As UK participants returned from last week’s European Health Forum in Gastein (read more), Austria, newspaper headlines calling for “Cuts in wasteful NHS bureaucracy” and “Pay freezes for high earners” will have reinforced the messages they heard. Debate focused on the impact of the financial crisis on health and what governments should do about it. While saving money by reducing waste in Europe’s” inefficient health systems” was one message, the central one was that health is largely determined by factors outside the health system, and that the rallying cry’s should be “social justice” and “jobs for health.”
Few other meetings rival the Gastein forum as a place to listen and network with Europe’s policy cognoscenti. The pace is demanding and the lingua franca hard to follow, but you can corner people who are usually hard to track down. Among them the EU officials who run Europe’s public health programmes and research arms, MEPs, staff from the European Observatory, WHO Europe officials, and a smorgasbord of other public health experts, researchers, patient organisations, health professionals and industry representatives from the 53 countries that make up the WHO Europe region.
Robert Madelin, the head of DG SANCO (the EU’s Directorate General for Health and Consumer Affairs) describes Gastein as a key event on Europe’s health calendar but the Gastein organisers show no signs of complacency.
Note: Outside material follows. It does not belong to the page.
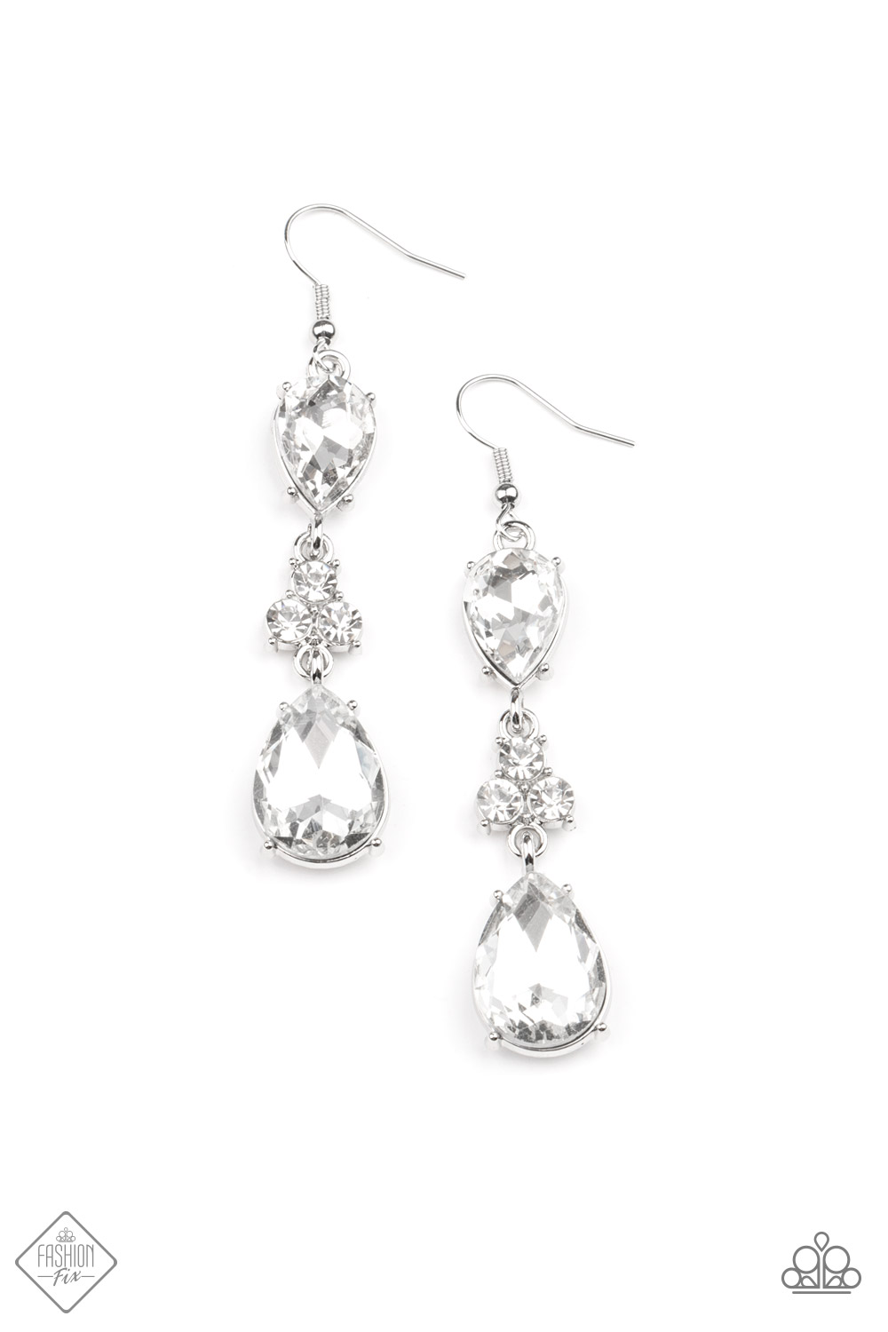 A trio of dazzling white rhinestones unites two white teardrop gems as they dangle brilliantly from the ear for a flawless finish. Earring attaches to a standard fishhook fitting.

Their investment for a healthy future has included bringing in new blood and establishing an annual European health award.
These look to have been good moves. This year an enthusiastic clutch of “Young Gasteiners” were prominent among the well seasoned Gastein hands. I talked to one from the UK, who explained that member states of the EU27 had each been asked to select two promising recruits; hand picked on the basis of CV’s which suggested strong research or policy making potential – along with the ability to speak English.
Their presence was enlivening, and they also made themselves useful. They filmed the famous, captured their sound bites, added picturesque views, chose the background music and made “Gastein the Movie.” The aim was to “capture the essence of the meeting” in a 10 minute video, EHFG2009: The Movie. The 10 minute video got plenty of applause when it was played at the end of the meeting and so did the winner of this years European Health Award for a cross border initiative that judges thought had reaped dividends. The ceremony was Oscar-style, and the prize went to primary care researchers in the Netherlands.
No blog could cover the content of the many Gastein sessions, which this year included plenaries and parallel sessions on sustainability of health systems, health inequalities, health technology assessment, knowledge transfer, and the mobility of health professionals. Nor is it easy to transmit the optimism that was in the air. The belief that, somehow, the recession might make countries in Europe focus on the desirability and value – not least to health and social welfare – of reducing their growing socio- economic divides. Evidence that this happening is thin on the ground, although the post-crisis experience of Iceland provides a welcome glimmer of hope.
When you return from a conference nuggets stick in the brain. The hordes of people in Munich central station, bent on celebrating Oktoberfest – untouched, it would seem, by the gloom of the recession. The outbursts of several delegates about the unconscionable amount of money countries are spending on swine flu. And the nervous references to the health impact of social networking sites. In the Netherlands the failure to achieve an HPV vaccine target coverage of 70% has been laid squarely at the door of teenage girls propagating misinformation by twitters.
Tessa Richards is an assistant editor with the BMJ.